Similarly, choose the routing mechanism for a message associated with a key based upon its key value. The neighbourhood set is intended to store IP addresses and nodeIds for M closest nodes to the present node according to proximity. The leaf set L is a set of nodes with L/2 nodes having nodeId smaller than the present node’s nodeId in the nodeId space, and are the closest such nodes in this space. Similarly, there are L/2 nodes with nodeIds greater than the present node’s nodeId.
Routing of a message for the destination node happens as per the algorithm described below.
Routing algorithm (route to destination node)
- Initially, we check if the desired node lies within the range of leaf sets.
- If yes, then in a single step we can reach the destination.
- Say, ‘n’ is the common prefix length shared by the key and current node. And ‘j’ is the nth value in messages’ key.

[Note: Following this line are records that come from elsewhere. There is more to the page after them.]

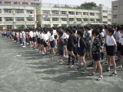 5/2 全校朝会〜チームワークの大切さ〜 公開日 2011/05/02 更新日 2011/05/02 校長室より 今日の全校朝会では、4年生の遠足(高尾山登山)を例にあげて話をしました。きつい山登りですが、疲れた友達の荷物を持ってあげたり、手をつないで励まし合い助け合いながらがんばっていた姿を話し、チームワークの大切さについて、改めて考えさせました。 1年生の朝会での姿勢もさらに良くなっています。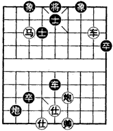 黑胜 黑卒下底包抄形成杀势。以下红如士六退五,则卒4平5!帅四平五,车7进1杀,黑胜。以上黑车炮卒左右夹击杀法精妙。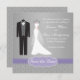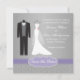 White wedding gown and tuxedo on a grey background bordered with damask pattern Save the Date Invitation.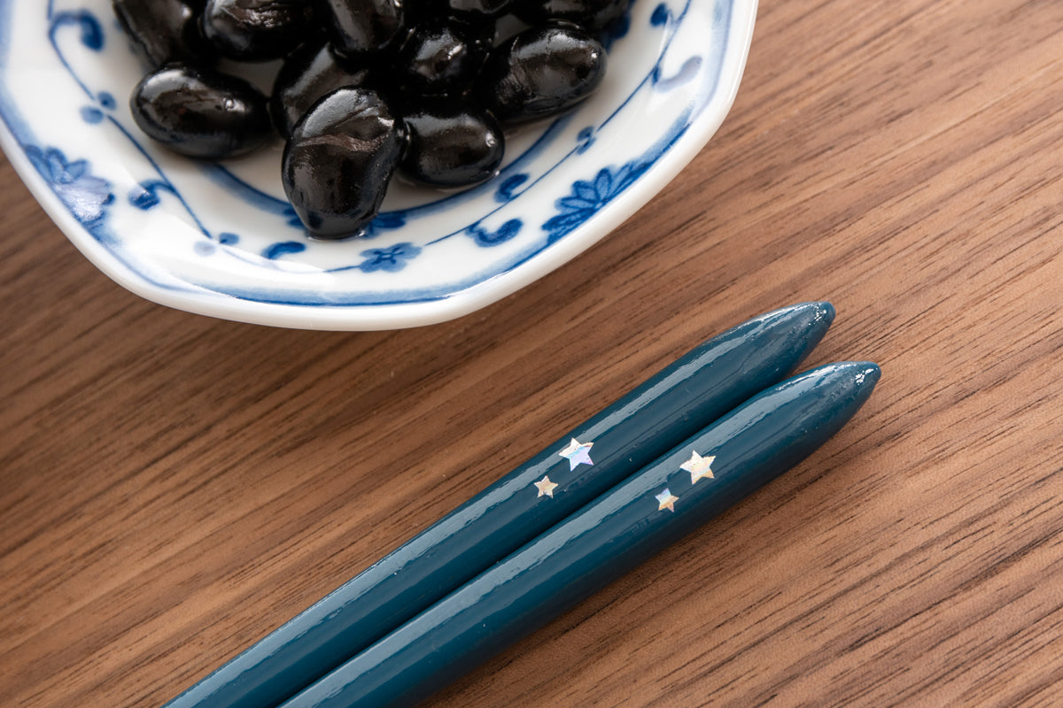 青色には星、ピンク色にはハートの模様が付いているかわいらしい箸。子どもサイズもあり、親子でおそろいで使うのもおすすめです。
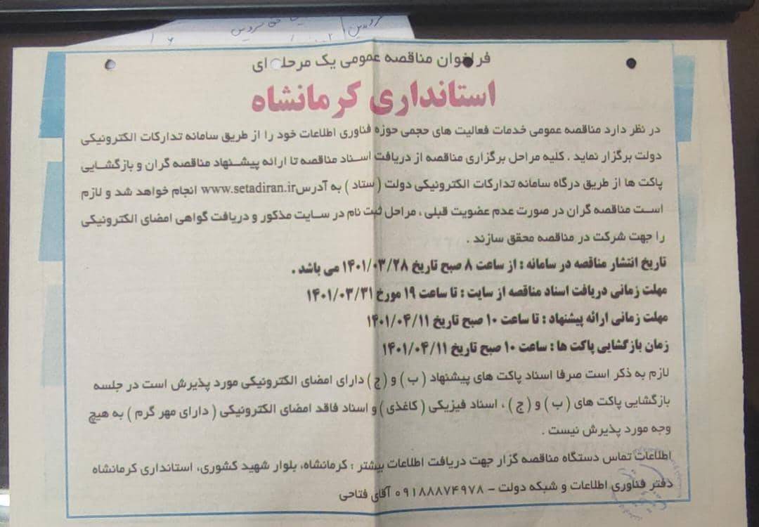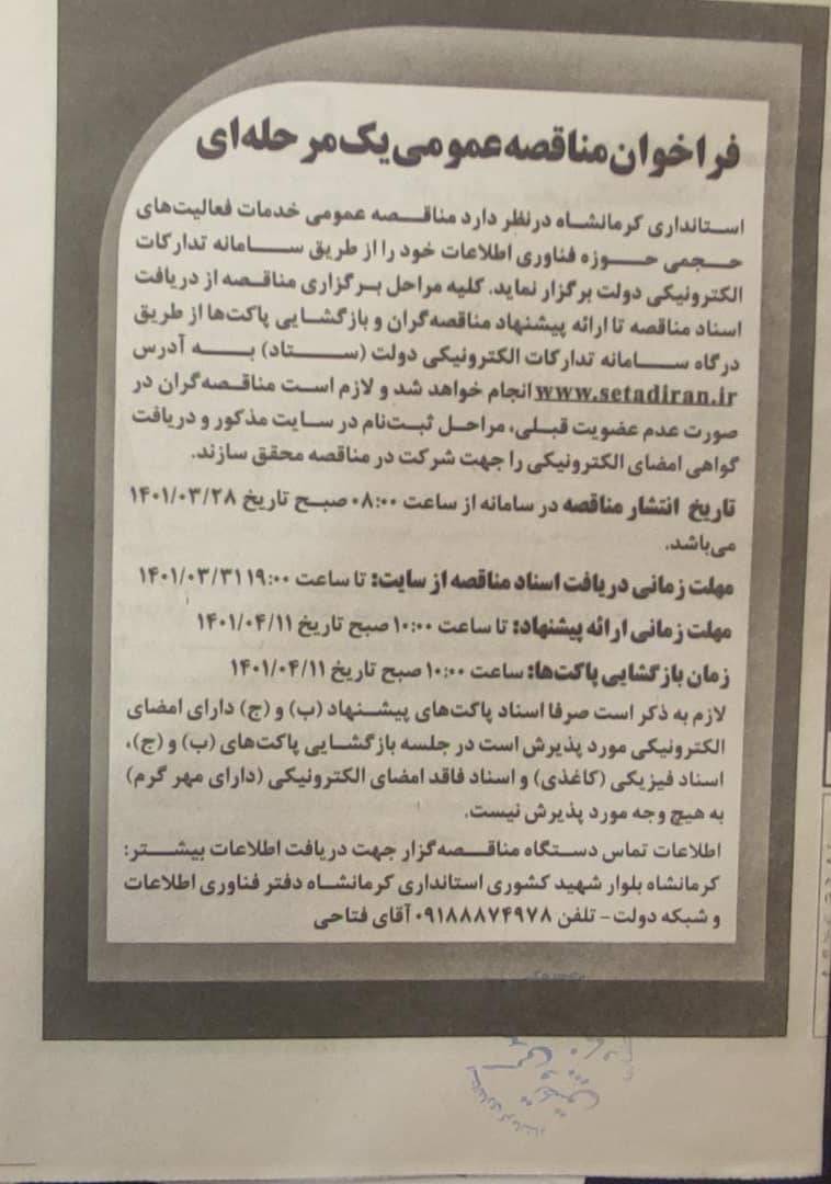 مناقصه واگذاری فعالیت های پشتیبانی و خدماتی حوزه فناوری اطلاعات1401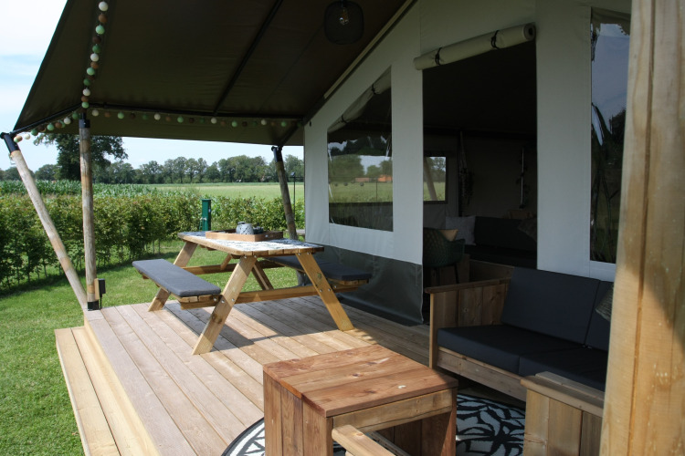 De safaritent is een luxe safaritent geschikt voor maximaal 6 personen, een ideale accommodatie voor een vakantie met het gezin of een groep! Met een oppervlakte van 40m2. Eet met z’n allen aan de grote tafel met stoelen, gooi de voorkant van de tent helemaal open en geniet extra van het uitzicht en de frisse lucht. Maak maaltijden klaar in de complete keuken en kom aan het einde van de dag tot rust op een van de luxe stoelen of in een van de 2 slaapkamers. In de ene slaapkamer vind je een groot tweepersoonsbed, en in de andere kamer staan 2 stapelbedden. Met een lengte van 2 meter zijn de bedden geschikt voor zowel kinderen als volwassenen.
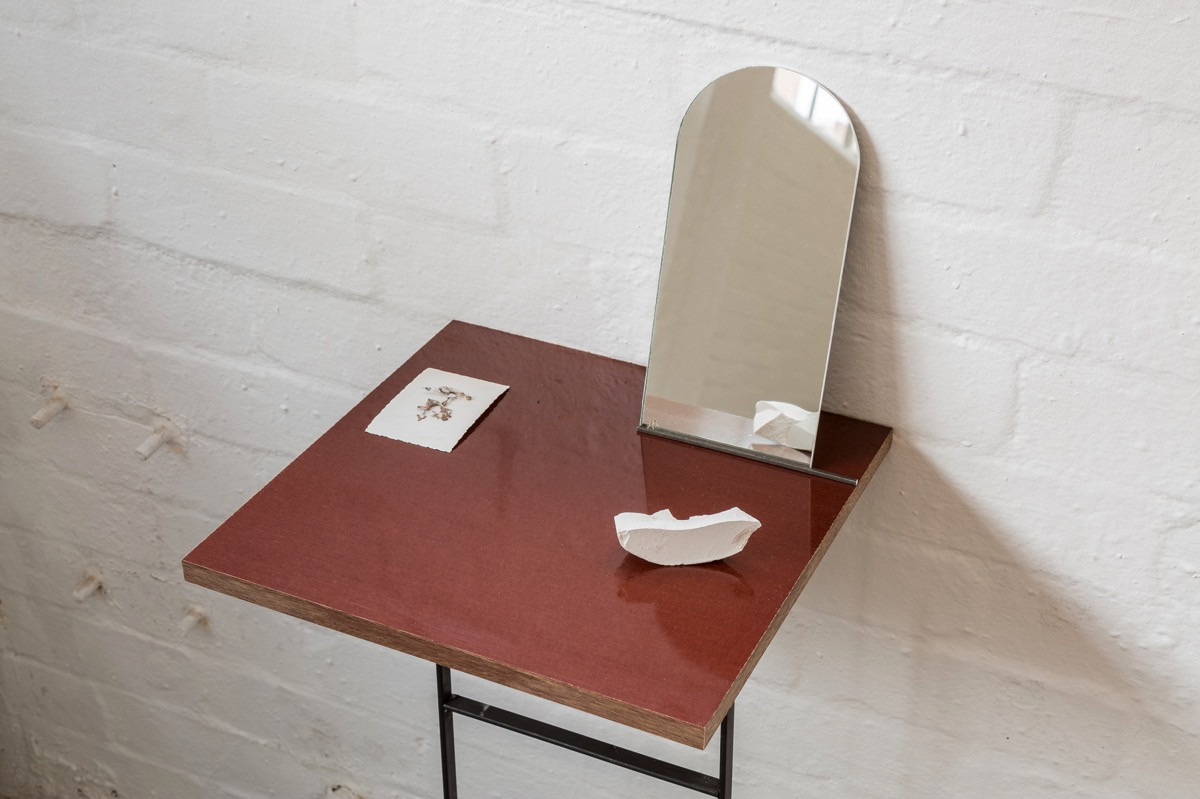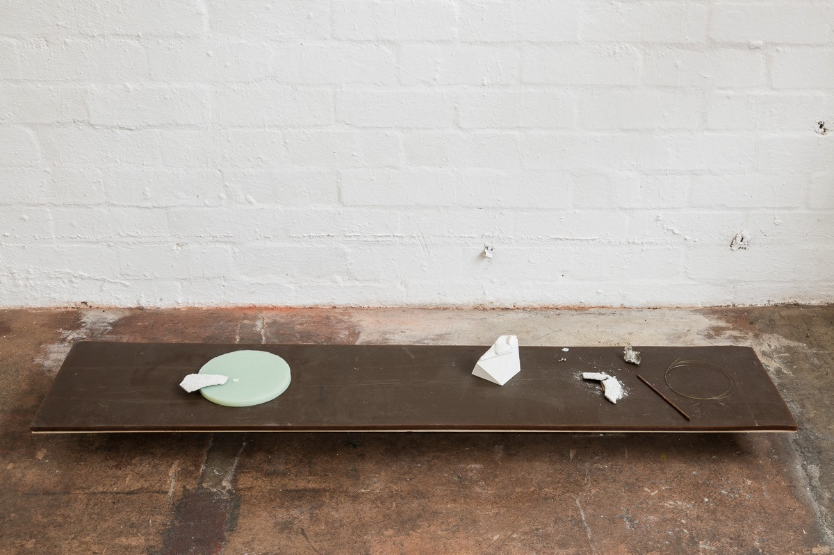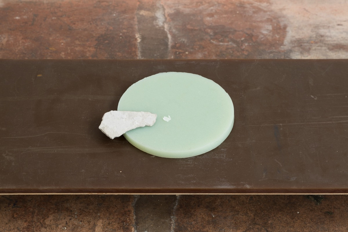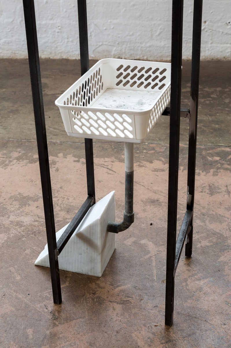 These allegorical histories formed the starting point of this exhibition, which was made as a series of material experiments using steel, cement, paint, bread and more bread, bronze, marble, nylon and glass. The simple act of casting an obdurate material like cement with bread produced a fallible form, fragile and time sensitive.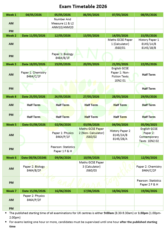 A printable version of this year's exam timetable is attached below.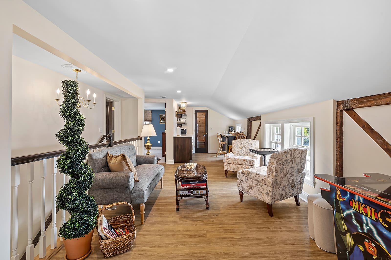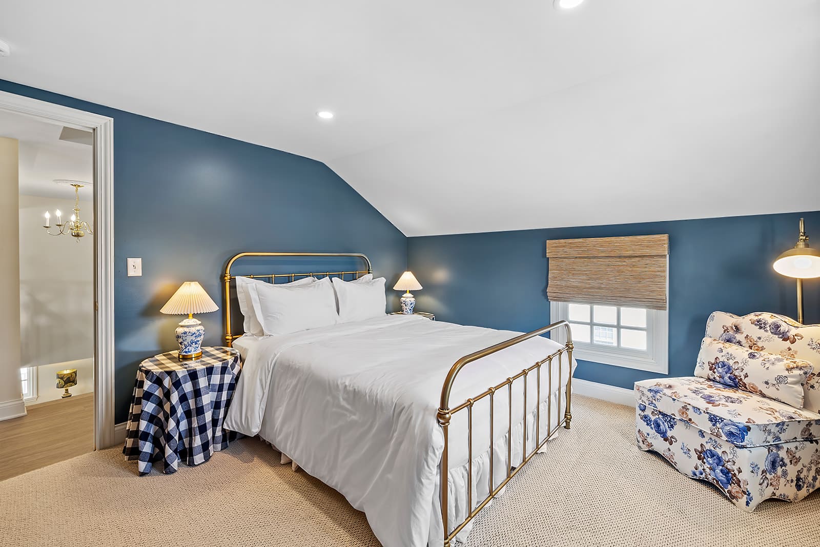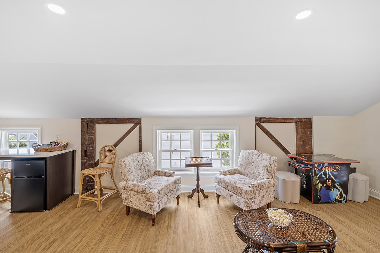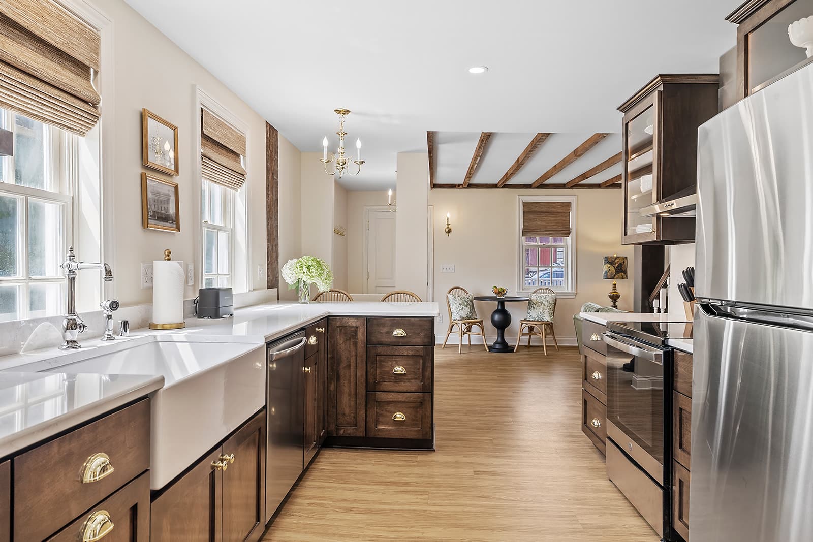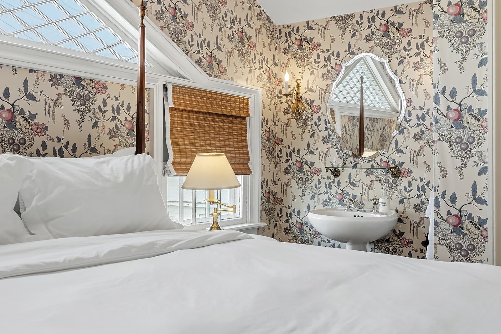 The Rochester Inn offers five luxury suites and one classic guest room, including four expansive two-story suites featuring first-floor sitting areas, wet bars, whirlpool tubs, and premium in-room amenities consistent with upscale boutique lodging standards. Common guest areas include a breakfast and sitting room adjacent to the commercial kitchen, while an exterior courtyard provides seasonal dining and social space. Six dedicated parking spaces transfer with the property.

- Check for a not NULL entry in the nth row and jth column.
- Route to the existing entry if not NULL.
- Take the union of all tables (R U M U L) and route to the most appropriate node.
To do a repair of the node’s state, the following algorithm is used.
- Leaf Set Repair
- For the smaller nodeIds that lie in the left leaf set, request the leftmost leaf node for its leaf sets. Search for an entry with nodeId less than the leftmost leaf in the request leaf set. If found, insert it into the left leaf set.
- If such an entry cannot be found, then repeat the same procedure for the second leftmost leaf node and so on until an appropriate entry is found.
- Repeat the same procedure for the right leaf set, except that the rightmost leaf node will be requested first, and then move one step left if the relevant entry is not found.
- Neighbourhood Set Repair
- Request the neighbourhood set from the rearmost neighbour of the present node. If a new entry is found, then insert it into the neighbourhood set. Otherwise, head forward repeating the same process with the node next to the previously selected node.
- Routing Table Update
- To repair R[n][j], request for the R[n][j] entries from nodes R[p][j] for all j!=i.
- When the desired entries are not found, then it goes on following the same procedure with the next row.
In Figure 4, a flow diagram demonstrates the working of the routing algorithm for values based on their keys involving three crucial stages of decision making.
When a new node X asks to join the application’s network to an existing node A, a special message ‘join’ with X’s nodeId is routed to the numerically closest live nodes like any other message. All nodes encountered during routing send their state information to node X as a response to the join request. In case of a node departure, the failed node within the leaf set is replaced. Every stored data is replicated across three different nodes.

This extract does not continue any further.